1459.米国のイラク占領政策の変化



米国のイラク占領政策に変化がある。そこを検討する。  Fより

ゲリラ活動が南部にまで拡大すると、10万の米軍でもイラクの治
安維持ができないことになるために、比較的友好的なシーア派と手
を組むしかない状況になっている。

シーア派はイランでも選挙を実施しているように、イスラム民主主
義体制の国家観がある。このため、暫定政府を確立したら、直ぐに
選挙をして、政府関係者を直接選挙で選出後、憲法制定をしたいと
いうことと、憲法はイスラム法をベースにするべきとイラクのシー
ア派では一番位の高いアリ・シスターニ師が言っている。

今まで、ネオコンや国防総省のラムズフェルドなどは、このイラン
のイスラム民主主義は近代民主主義とは違うので、認めがたいと言
っていた。

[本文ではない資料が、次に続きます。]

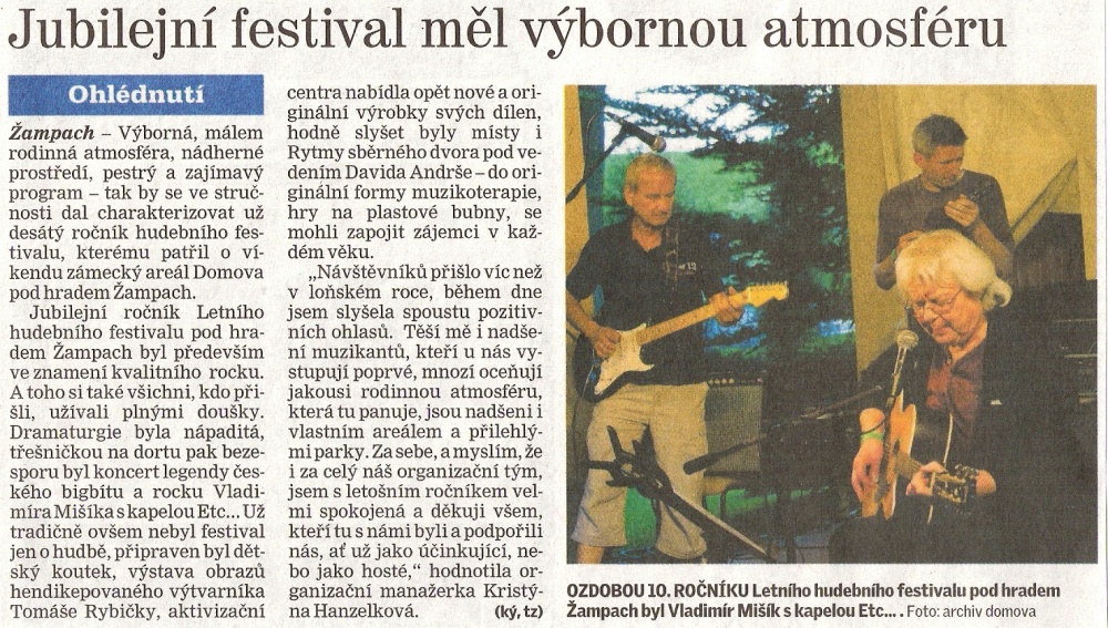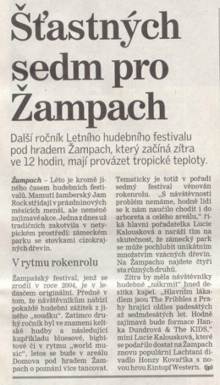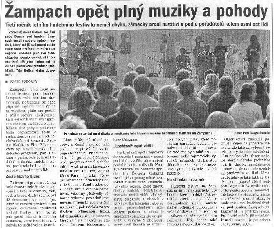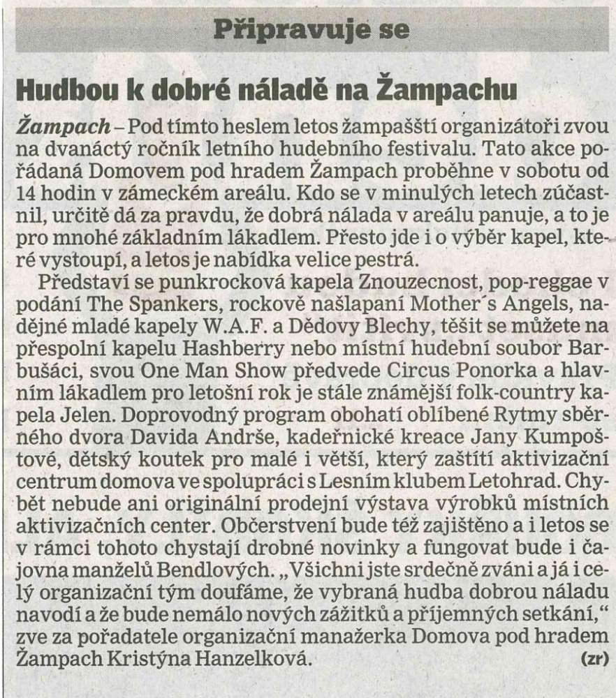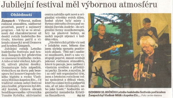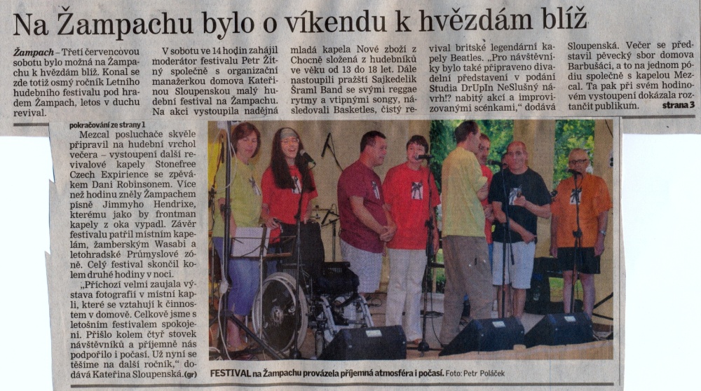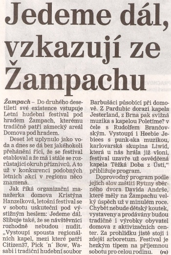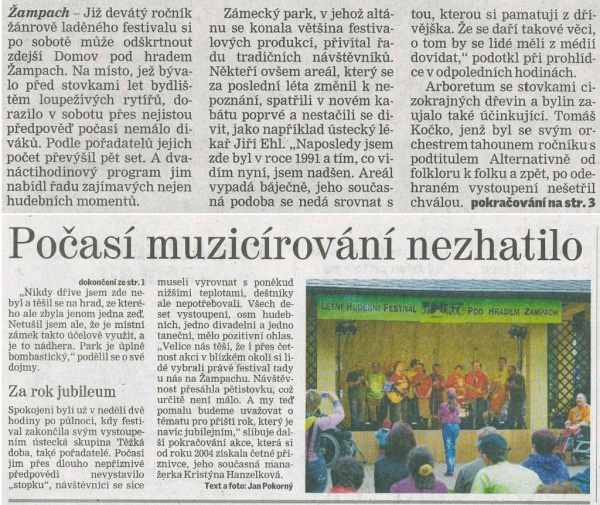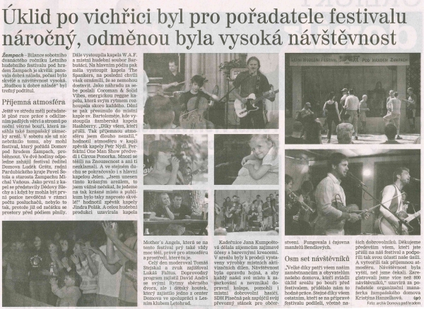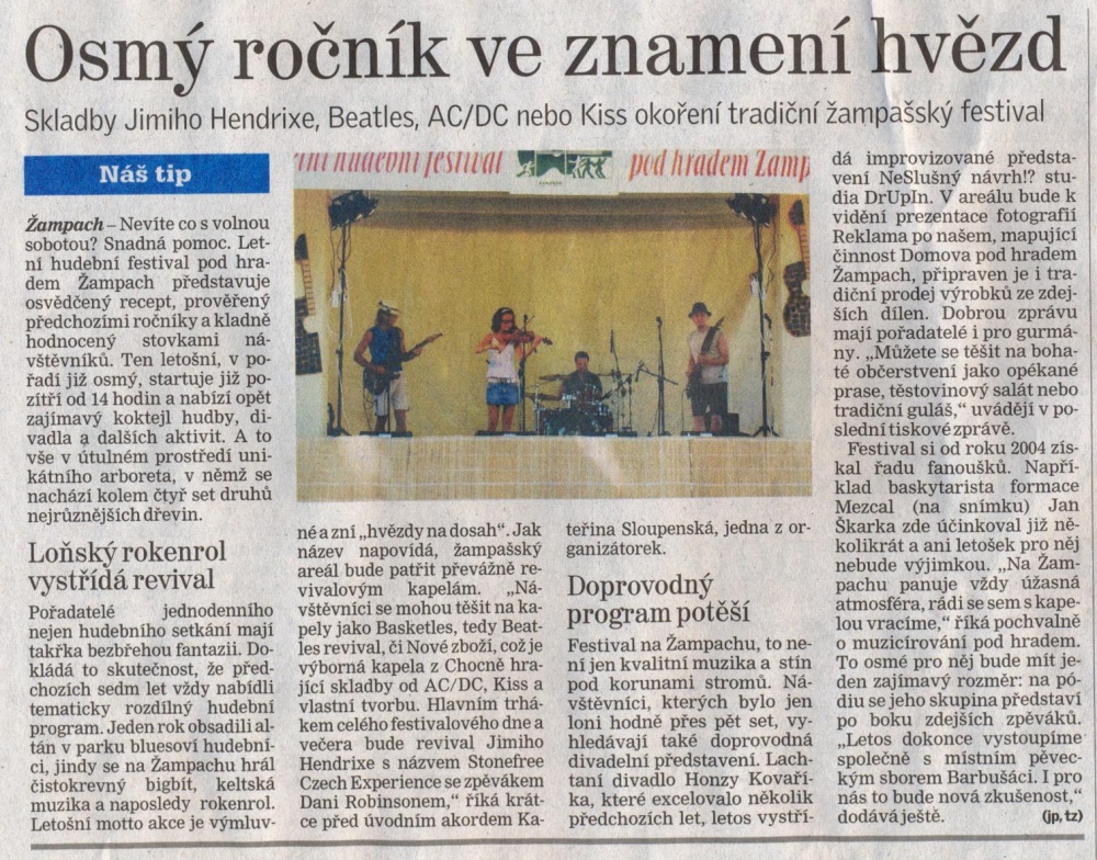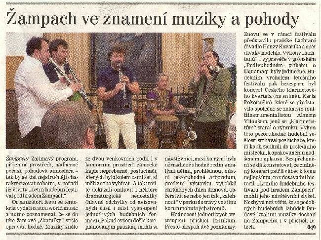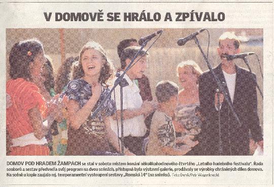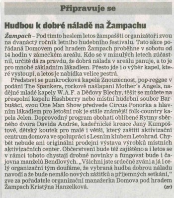 | Archiv - články, výstřižky novinové - Letní hudební festival pod hradem Žampach | |

中東の民主化は近代民主主義のことであると明言してい
た。しかし、それではシーア派とのゲリラ戦になり、日系米人の
シンセキ前陸軍参謀長が言っていたように30万人以上の軍が必要
になってしまう。

このため、パウエル国務長官は、イラクに多くを期待していないと
欧州の会議で語っている。イラクの体制はイラク人が決めることで
、米国は民主主義のお手伝いをするだけであると。この趣旨はシー
ア派と手を結ぶことにしたと私Fには聞こえる。

イランの核問題でもIAEAが非難決議を出したが、最初、米国は
どんどん進める方向から国連に持ち込まないという妥協した。この
ため国連での非難決議はない模様である。この態度変化も米国のイ
ランとの提携ができたためのような気がする。この意味することは
イラクのシーア派からイランのシーア派へ米国と友好を保てという
指示を出してほしいためであろう。

しかし、反対に、もし、シーア派が反米闘争に本格的に乗り出すと
、イラクとシリアはバックアップするために、今はスンニ派地域が
ゲリラの活動範囲であるが、それが人口60%の所に拡がることに
なり、比較的ゲリラ攻撃の少ない南部が、混乱することになる。
今、英国軍は南部にいるために、ゲリラに会わない。死者も少ない。

この欧州の軍隊が駐留する南部地域が混乱すると、お付き合いで多
くの国は派兵しているので、欧州やアジアの軍隊に撤退をされて、
米軍は孤立することになる。このため、暫定評議会のメンバーもシ
ーア派を無視できない。彼らにはイラク以外に帰る場所がない。

CFRはイラクを3分割しようという提言を出したが、これは米国
のシンクタンクを混乱させて、議論を呼ぶために発表したようだ。
とうとう、CFRがそのような妥協案を出したということは、妥協
してもイラク・エグジット戦略をブッシュ政権は模索する必要があ
るということがある。ブッシュの支持率も50%以下になってきて
いる。大統領選挙に黄色が灯ってきた。

今は民主党の大部分やヒラリー・クリントンも対テロ戦争推進派で
あり、ディーンのような戦争反対ということはない。しかし、これ
以上、イラクのゲリラ戦で米軍がやられると、ディーン民主党大統
領候補は反戦マクガバンと同様で大負けするとの予想が、反転する
可能性もある。特に被害の大きなイラク米軍の中で、反戦気分が高
まっているようで、その反戦の情報も徐々にインターネットを通じ
て、世界が知ることになっている。米国のマスコミは政府御用組織
化しているが、インターネット上で反戦的な情報が溢れ返っている。

この情報で日本の皆様も、イラクの戦況やイラク人たちの気持ちを
知ることができるのです。そして、やっと共和党主流のリアリスト
たちも、ネオコン退治に立ち上がってきた。

このため、どうしても米国はイラクのゲリラ戦を終結させる必要が
あるのです。自衛隊よりイラクの今後の方向のアドバイスこそが、
米国に必要なのです。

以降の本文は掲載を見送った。